Hengki menegaskan, dengan hasil pemeriksaan dari laboratorium forensik, hipotesa atau learning poin dari masalah ini adalah, mereka berniat bukan untuk melakukan unjuk rasa, karena waktu unjuk rasa dibatasi UU hingga pukul 18.00 WIB, sedangkan aksi mereka dimulai pada pukul 02.00 dini hari dan juga sudah mempersiapkan alat-alatnya untuk melakukan penyerangan.
“Mereka memang mempunyai niat akan melawan petugas dengan sasaran yang sudah jelas. Sasaran itu adalah petugas dan properti milik kepolisian dan asrama.
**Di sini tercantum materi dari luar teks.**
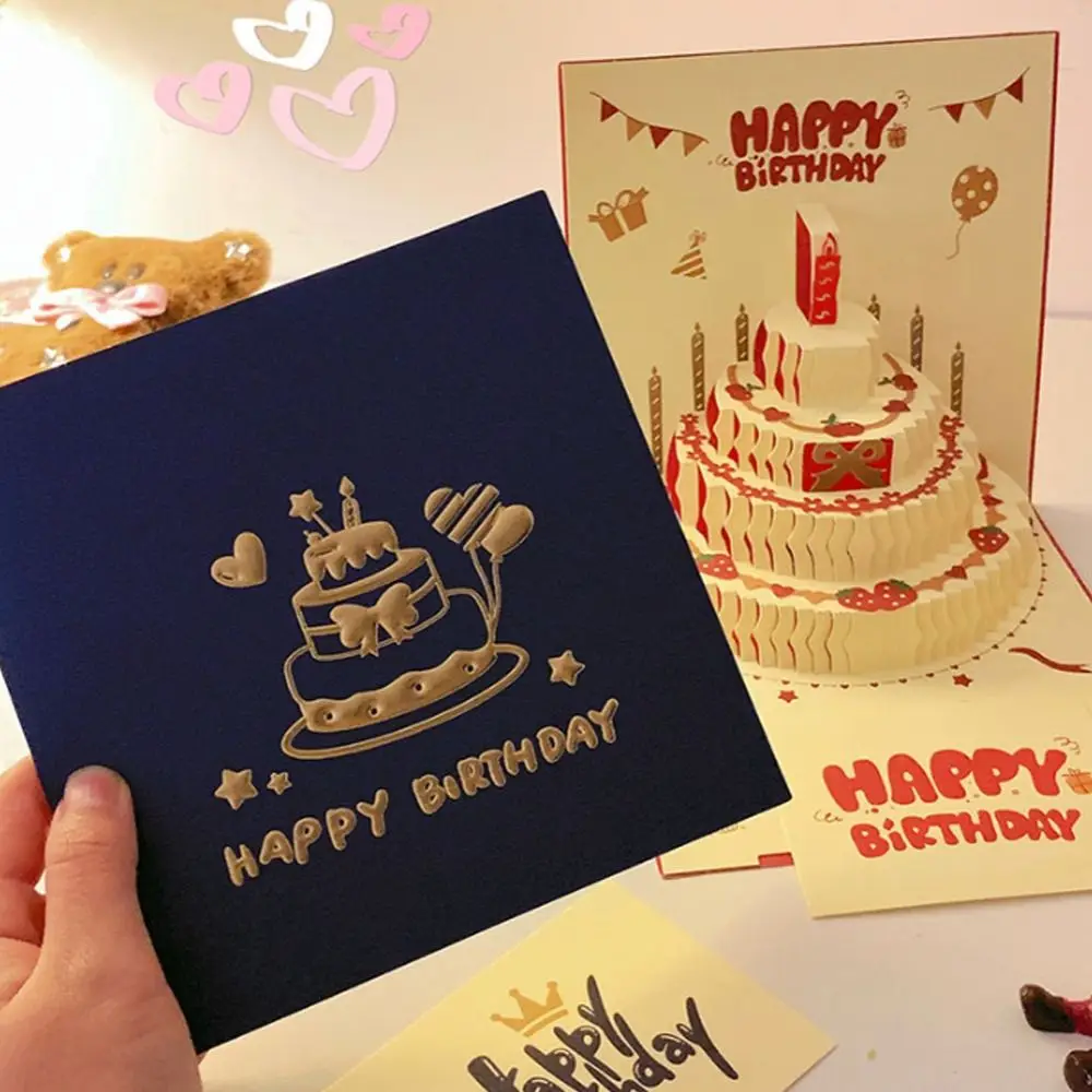 Folding 3D Happy Birthday Card Four-Layer Cake with Envelope Birthday Cake Card Postcard Surprise Gift Message Cards Gift

Hal itu bisa dibuktikan dengan barang bukti yang sudah dilakukan pemeriksaan, dan adanya benda tajam, bom molotove, busur-busur yang ternyata mangandung racun dan korosif,”tegasnya.
Ia mengatakan, para perusuh sudah mempersiapkan peralatan sebelum melakukan penyerangan ke asrama Brimob. Terbukti dapat diketahui ada busur- busur panah yang khusus akan digunakan malam hari.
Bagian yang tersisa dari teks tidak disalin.